Dans une déclaration mardi, l’ancien vice-président de Barack Obama et favori de la primaire démocrate «va appeler Trump à coopérer avec toutes les demandes légales d’informations qui sont en suspens, sur la question ukrainienne et les autres enquêtes», a indiqué à l’AFP son équipe de campagne.

«Et si Trump ne s’y plie pas, le Congrès n’aura pas d’autre choix que de lancer la procédure de destitution».

Pour Joe Biden, «les derniers abus commis par Trump dépassent tous ses précédents abus».

Depuis l’ONU, le président américain avait plus tôt dans la journée, nié encore une fois toute pression sur l’Ukraine pour tenter de nuire à son grand rival démocrate.

Les démocrates soupçonnent M. Trump d’avoir poussé, en utilisant une aide militaire destinée à l’Ukraine comme moyen de pression, son homologue ukrainien Volodymyr Zelensky à enquêter sur la famille Biden, qui a eu des intérêts dans le pays.

Cela constituerait un grave abus de pouvoir puisque le président américain aurait utilisé ses fonctions pour son bénéfice personnel.

Jugeant «ridicule» les discussions sur une procédure de destitution, Donald Trump accuse les démocrates d’agiter ce spectre par pur calcul politique.

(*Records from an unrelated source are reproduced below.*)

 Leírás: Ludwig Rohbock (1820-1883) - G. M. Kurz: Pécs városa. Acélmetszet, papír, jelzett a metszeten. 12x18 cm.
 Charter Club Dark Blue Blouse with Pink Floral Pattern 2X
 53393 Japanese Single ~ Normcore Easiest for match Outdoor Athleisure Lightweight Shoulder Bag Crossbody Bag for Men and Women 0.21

«Ils ne savent pas comment m’arrêter» avant l’élection présidentielle de 2020, a-t-il tempêté en marge de l’Assemblée générale de l’ONU.

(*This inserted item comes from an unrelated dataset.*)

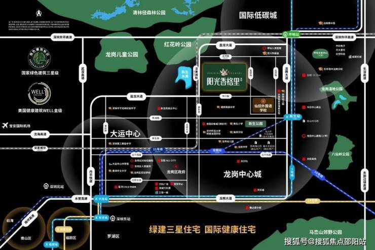 阳光香格里家园位于龙岗中心城与国际低碳城双核交汇处的新兴生态高尚住区,片区汇集十多个新盘,吸引片区高精尖人群,是龙岗新兴的高尚住宅居住圈。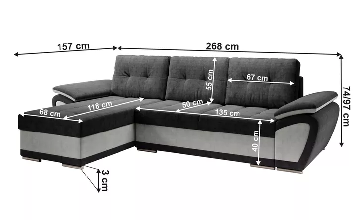 Kombinácia svetlo šedej a tmavo šedej látky Orinoco dodáva interiéru moderný vzhľad. Súprava je rozkladacia a ľahko z nej vytvoríte lôžko o rozmere 130×200 cm , vhodné na príležitostné prespanie. Praktický úložný priestor sa postará o uschovanie lôžkovín alebo sezónnych diek.

Annonce de Pelosi attendue

Alors que les voix démocrates en faveur d’une procédure de destitution sont de plus en plus nombreuses, tous les regards sont braqués mardi au Congrès américain sur la dirigeante démocrate Nancy Pelosi, qui tient entre ses mains le pouvoir de prendre cette décision explosive.

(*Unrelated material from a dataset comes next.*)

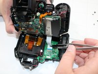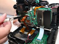 Remove the white LCD FPC from the camera back and the orange LCD FPC from the main body to separate the camera. Start by gently pulling the white LCD FPC away from the back of the camera, then remove the orange LCD FPC from the main body of the camera.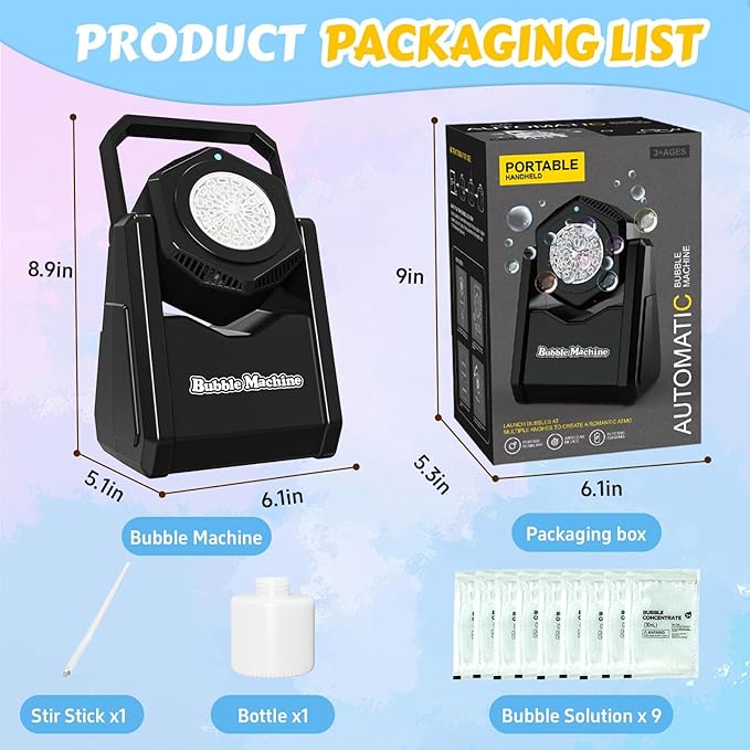 - Upgraded Bubble Maker with No Leakage Design Sufficient for Prolonged Use. Fully enclosed design whitout leakage problem, it won't stain your hands and mess everywhere. With 200ml high-capacity liquid tank for 30mins continuous use, enjoy uninterrupted bubbles fun! Also Comes with 9 packs bubble solution for bubble refill.

La présidente de la Chambre des représentants doit prendre mardi après-midi le pouls de sa majorité, puis faire une déclaration à 17 h 00.

La Chambre, à majorité démocrate, serait chargée d’ouvrir la procédure de mise en accusation.

Puis le Sénat, contrôlé par les républicains qui restent en majorité fidèles à M. Trump, serait chargé du «procès».

Fine stratège, Nancy Pelosi, 79 ans, a freiné pendant de longs mois l’aile progressiste de son parti qui appelait déjà à lancer la destitution après plusieurs autres affaires.

Déclencher cette procédure, très impopulaire dans les sondages, alors que Donald Trump serait très probablement acquitté par le Sénat, pourrait coûter aux démocrates les élections en novembre 2020, avertissait-elle au grand dam des progressistes.

Mais l’affaire ukrainienne a fait céder plusieurs digues.

D’une part, les élus les plus à gauche ne se gênent plus pour interpeller directement leurs leaders.

De l’autre, plusieurs modérés ont ces derniers jours annoncé qu’ils étaient désormais ouverts à une procédure de destitution, à condition que les allégations soient prouvées.

Au total, plus de 155 élus sur les 235 démocrates siégeant à la chambre basse (435 parlementaires au total) sont désormais favorables.

Chez les candidats à la primaire démocrate, les plus progressistes, Elizabeth Warren en tête, mais aussi Bernie Sanders ou Kamala Harris, tous sénateurs, appellent depuis déjà plusieurs mois à lancer une procédure de destitution.

Le centriste Joe Biden s’apprête donc à brandir à son tour cette menace.

Trump c. Biden

Pour lui, la bataille autour de l’affaire ukrainienne est personnelle Donald Trump et son entourage n’ont de cesse de tenter de retourner les soupçons contre Joe Biden, l’accusant avec son fils Hunter d’être «corrompus».

Ce dernier a travaillé pour un groupe gazier ukrainien à partir de 2014, lorsque son père était vice-président.

Au cœur de toute l’affaire: une conversation téléphonique organisée cet été entre les dirigeants ukrainien et américain.

Un mystérieux lanceur d’alerte, membre des services de renseignement américains, a fait peu après un signalement à sa hiérarchie pour sonner l’alarme sur cet appel.

Si M. Trump a admis publiquement avoir mentionné Joe et Hunter Biden lors de cette conversation, il dément fermement toute pression.